» Data in this exercise

-- Opening Marker --

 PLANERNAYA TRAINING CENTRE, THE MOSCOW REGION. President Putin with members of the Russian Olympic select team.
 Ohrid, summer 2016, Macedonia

-- Closing Marker --
-- Opening Marker --

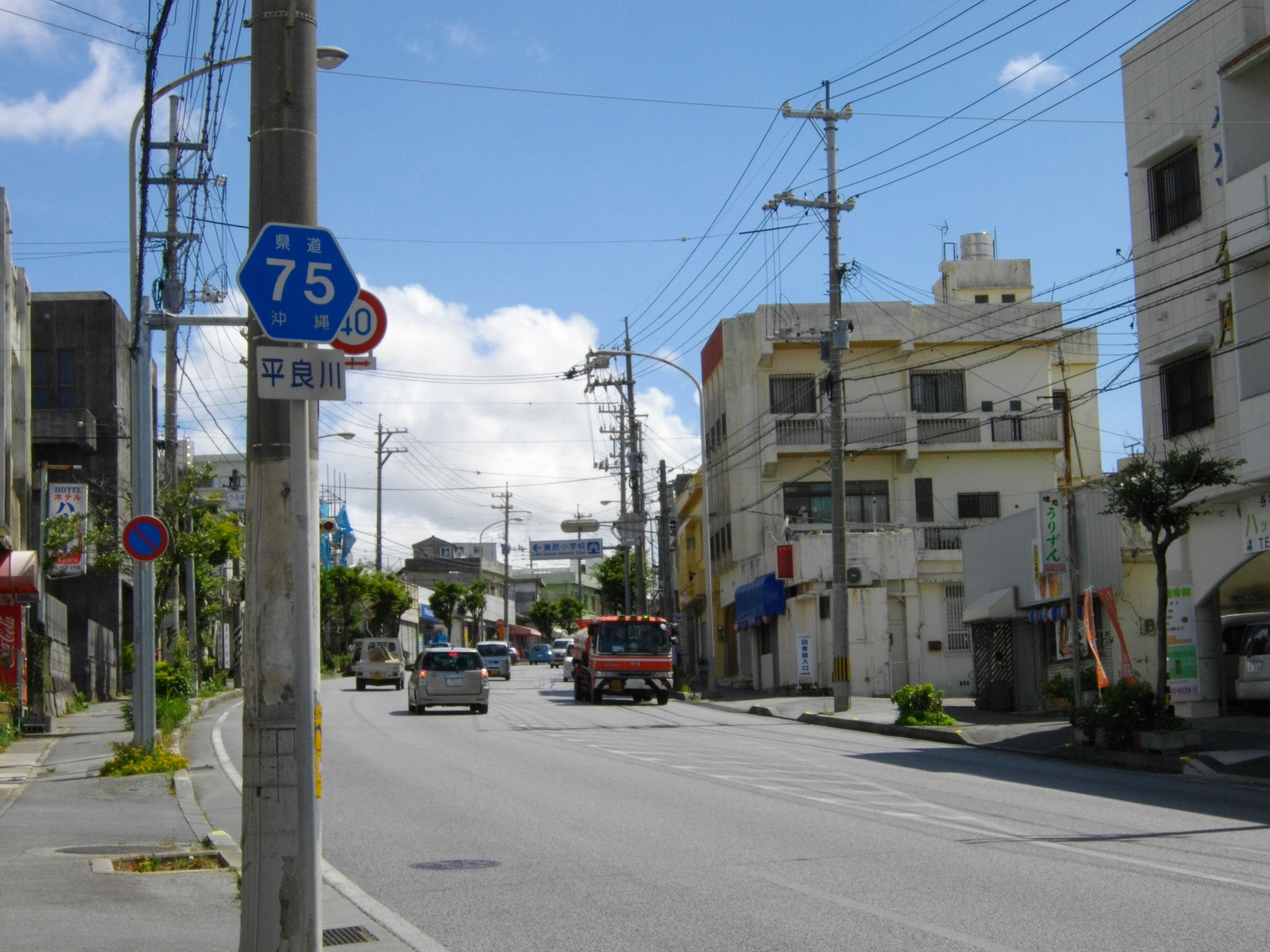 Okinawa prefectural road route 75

-- Closing Marker --

» About this task
Reproduce word for word the material above, beginning with the line that contains "PLANERNAYA TRAINING CENTRE, THE" and ending with the line that contains "Ohrid, summer 2016, Macedonia".

» Answer below
 PLANERNAYA TRAINING CENTRE, THE MOSCOW REGION. President Putin with members of the Russian Olympic select team.
 Ohrid, summer 2016, Macedonia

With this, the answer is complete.